------ INFORMATION PROVIDED ------
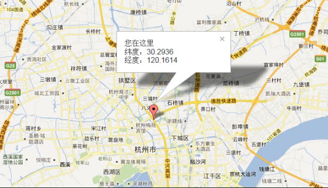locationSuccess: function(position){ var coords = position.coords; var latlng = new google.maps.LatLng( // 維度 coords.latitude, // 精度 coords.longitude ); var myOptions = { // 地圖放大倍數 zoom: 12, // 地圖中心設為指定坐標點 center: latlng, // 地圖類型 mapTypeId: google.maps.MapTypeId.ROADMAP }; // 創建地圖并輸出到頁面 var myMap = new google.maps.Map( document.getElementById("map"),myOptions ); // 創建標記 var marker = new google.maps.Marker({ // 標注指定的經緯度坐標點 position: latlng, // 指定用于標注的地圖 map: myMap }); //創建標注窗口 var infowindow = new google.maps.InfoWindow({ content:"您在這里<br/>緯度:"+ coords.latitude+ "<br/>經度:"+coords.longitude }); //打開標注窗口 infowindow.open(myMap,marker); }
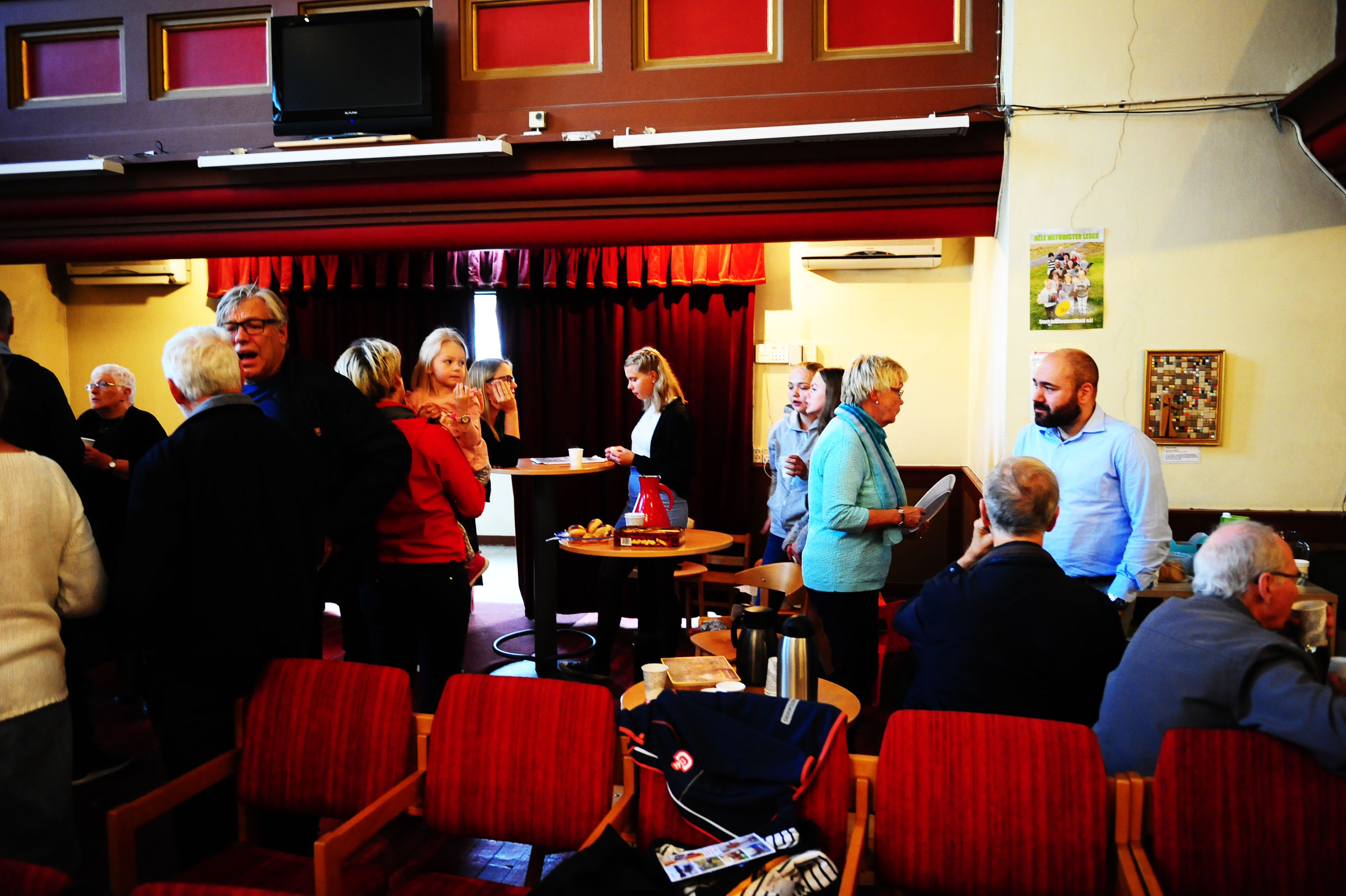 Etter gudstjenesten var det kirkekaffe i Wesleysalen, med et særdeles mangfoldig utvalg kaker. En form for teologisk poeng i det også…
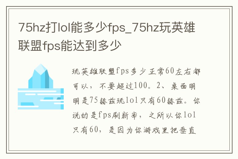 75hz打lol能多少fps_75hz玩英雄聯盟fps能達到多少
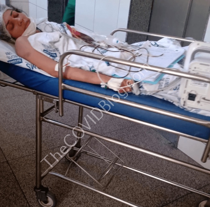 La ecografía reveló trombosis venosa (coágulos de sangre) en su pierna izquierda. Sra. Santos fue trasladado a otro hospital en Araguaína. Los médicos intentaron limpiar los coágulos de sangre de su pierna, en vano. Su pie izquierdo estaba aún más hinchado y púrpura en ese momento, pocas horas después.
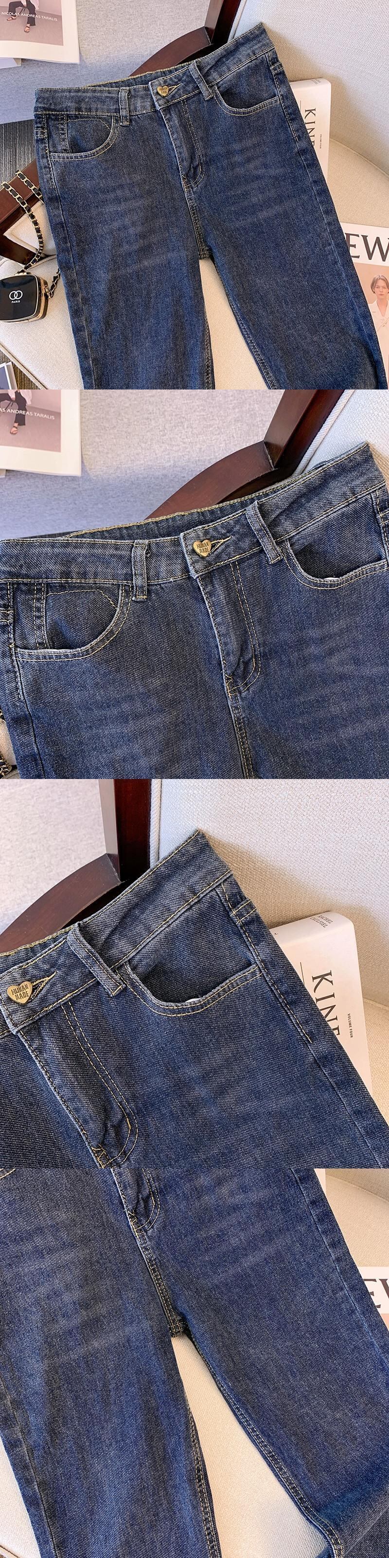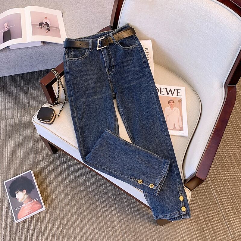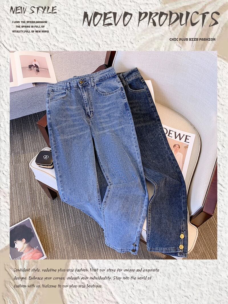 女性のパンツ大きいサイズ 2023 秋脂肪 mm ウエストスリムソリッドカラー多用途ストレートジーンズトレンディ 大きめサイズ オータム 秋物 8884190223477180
------
■ **WHAT IS NEEDED**
Starting where a line contains "75hz打lol能多少fps_75hz玩英雄聯盟fps能達到多少" and finishing at the last line above, set down every line exactly as it reads, with no pictures.

■ **WRITTEN RESPONSE**
 75hz打lol能多少fps_75hz玩英雄聯盟fps能達到多少
 La ecografía reveló trombosis venosa (coágulos de sangre) en su pierna izquierda. Sra. Santos fue trasladado a otro hospital en Araguaína. Los médicos intentaron limpiar los coágulos de sangre de su pierna, en vano. Su pie izquierdo estaba aún más hinchado y púrpura en ese momento, pocas horas después.
 女性のパンツ大きいサイズ 2023 秋脂肪 mm ウエストスリムソリッドカラー多用途ストレートジーンズトレンディ 大きめサイズ オータム 秋物 8884190223477180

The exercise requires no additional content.